§ Dataset extract:
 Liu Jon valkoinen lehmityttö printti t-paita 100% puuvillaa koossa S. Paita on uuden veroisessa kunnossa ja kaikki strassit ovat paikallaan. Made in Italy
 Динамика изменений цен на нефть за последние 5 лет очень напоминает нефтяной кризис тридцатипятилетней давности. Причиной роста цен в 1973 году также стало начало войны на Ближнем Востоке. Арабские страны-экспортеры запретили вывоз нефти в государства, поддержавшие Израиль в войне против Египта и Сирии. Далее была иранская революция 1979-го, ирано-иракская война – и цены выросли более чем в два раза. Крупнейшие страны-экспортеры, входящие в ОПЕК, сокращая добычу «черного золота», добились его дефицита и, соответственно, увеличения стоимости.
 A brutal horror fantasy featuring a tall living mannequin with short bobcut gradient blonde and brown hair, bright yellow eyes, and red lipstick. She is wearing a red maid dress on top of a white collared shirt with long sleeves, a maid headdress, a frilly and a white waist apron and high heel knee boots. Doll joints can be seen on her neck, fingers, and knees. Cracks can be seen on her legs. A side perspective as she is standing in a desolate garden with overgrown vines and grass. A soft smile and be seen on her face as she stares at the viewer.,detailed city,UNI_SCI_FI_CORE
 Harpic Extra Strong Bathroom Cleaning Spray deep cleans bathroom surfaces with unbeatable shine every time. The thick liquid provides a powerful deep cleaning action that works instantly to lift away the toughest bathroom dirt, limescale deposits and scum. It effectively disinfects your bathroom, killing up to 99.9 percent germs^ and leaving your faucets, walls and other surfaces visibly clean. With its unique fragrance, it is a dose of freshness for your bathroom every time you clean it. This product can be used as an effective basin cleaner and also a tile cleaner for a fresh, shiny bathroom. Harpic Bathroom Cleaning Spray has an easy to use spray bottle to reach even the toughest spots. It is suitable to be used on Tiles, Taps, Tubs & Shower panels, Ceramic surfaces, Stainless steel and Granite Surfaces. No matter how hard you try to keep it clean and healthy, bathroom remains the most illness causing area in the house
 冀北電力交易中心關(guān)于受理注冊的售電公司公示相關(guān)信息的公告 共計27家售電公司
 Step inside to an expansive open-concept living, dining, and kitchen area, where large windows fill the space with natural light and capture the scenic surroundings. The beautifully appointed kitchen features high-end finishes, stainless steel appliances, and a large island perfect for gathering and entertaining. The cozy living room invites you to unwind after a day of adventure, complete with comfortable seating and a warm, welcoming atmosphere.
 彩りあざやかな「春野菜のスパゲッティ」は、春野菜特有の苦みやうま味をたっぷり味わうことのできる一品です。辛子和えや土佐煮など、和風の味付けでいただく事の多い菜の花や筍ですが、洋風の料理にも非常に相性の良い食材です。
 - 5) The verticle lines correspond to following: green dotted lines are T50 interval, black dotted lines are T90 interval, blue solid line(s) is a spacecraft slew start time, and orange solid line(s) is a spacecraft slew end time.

...

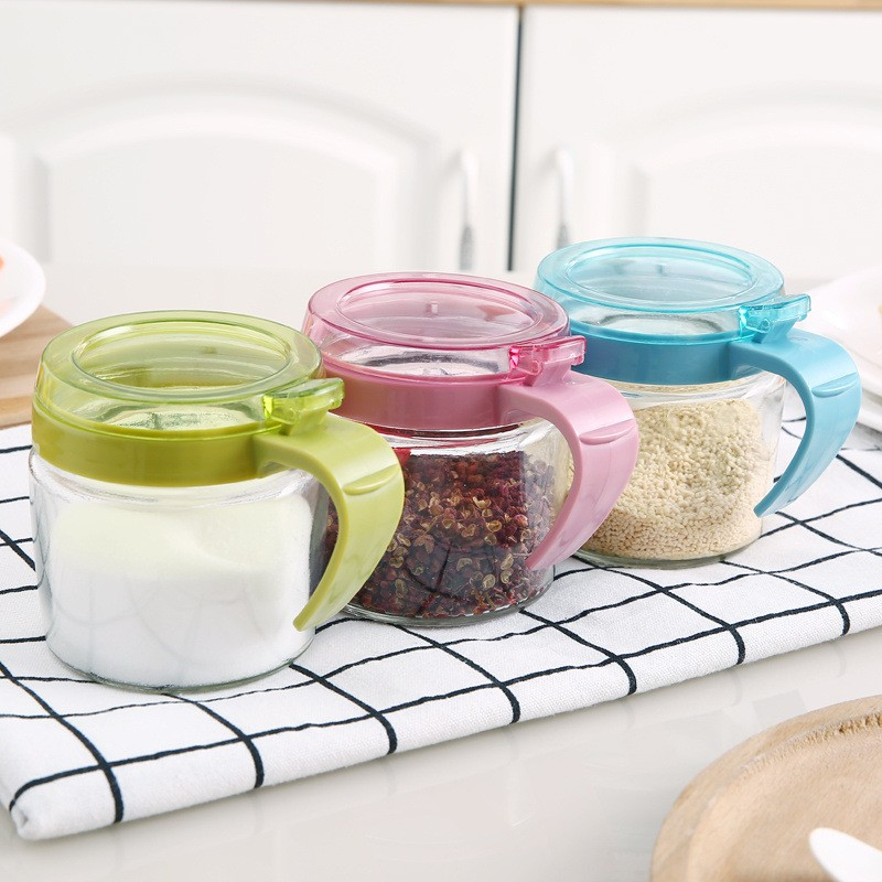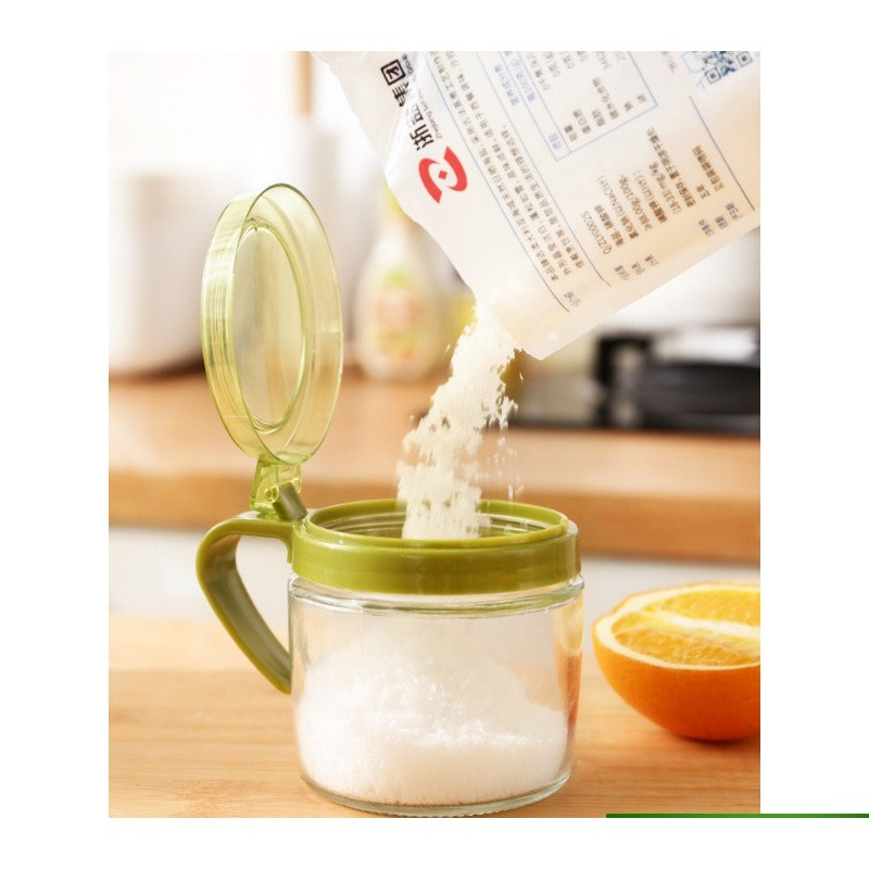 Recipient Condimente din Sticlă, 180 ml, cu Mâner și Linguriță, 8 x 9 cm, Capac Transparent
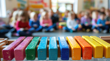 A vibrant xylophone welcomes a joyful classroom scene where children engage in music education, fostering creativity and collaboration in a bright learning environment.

§ What is expected: Scan the lines above for the word "living", then copy each line that has it.

§ Solution for this task:
 A brutal horror fantasy featuring a tall living mannequin with short bobcut gradient blonde and brown hair, bright yellow eyes, and red lipstick. She is wearing a red maid dress on top of a white collared shirt with long sleeves, a maid headdress, a frilly and a white waist apron and high heel knee boots. Doll joints can be seen on her neck, fingers, and knees. Cracks can be seen on her legs. A side perspective as she is standing in a desolate garden with overgrown vines and grass. A soft smile and be seen on her face as she stares at the viewer.,detailed city,UNI_SCI_FI_CORE
 Step inside to an expansive open-concept living, dining, and kitchen area, where large windows fill the space with natural light and capture the scenic surroundings. The beautifully appointed kitchen features high-end finishes, stainless steel appliances, and a large island perfect for gathering and entertaining. The cozy living room invites you to unwind after a day of adventure, complete with comfortable seating and a warm, welcoming atmosphere.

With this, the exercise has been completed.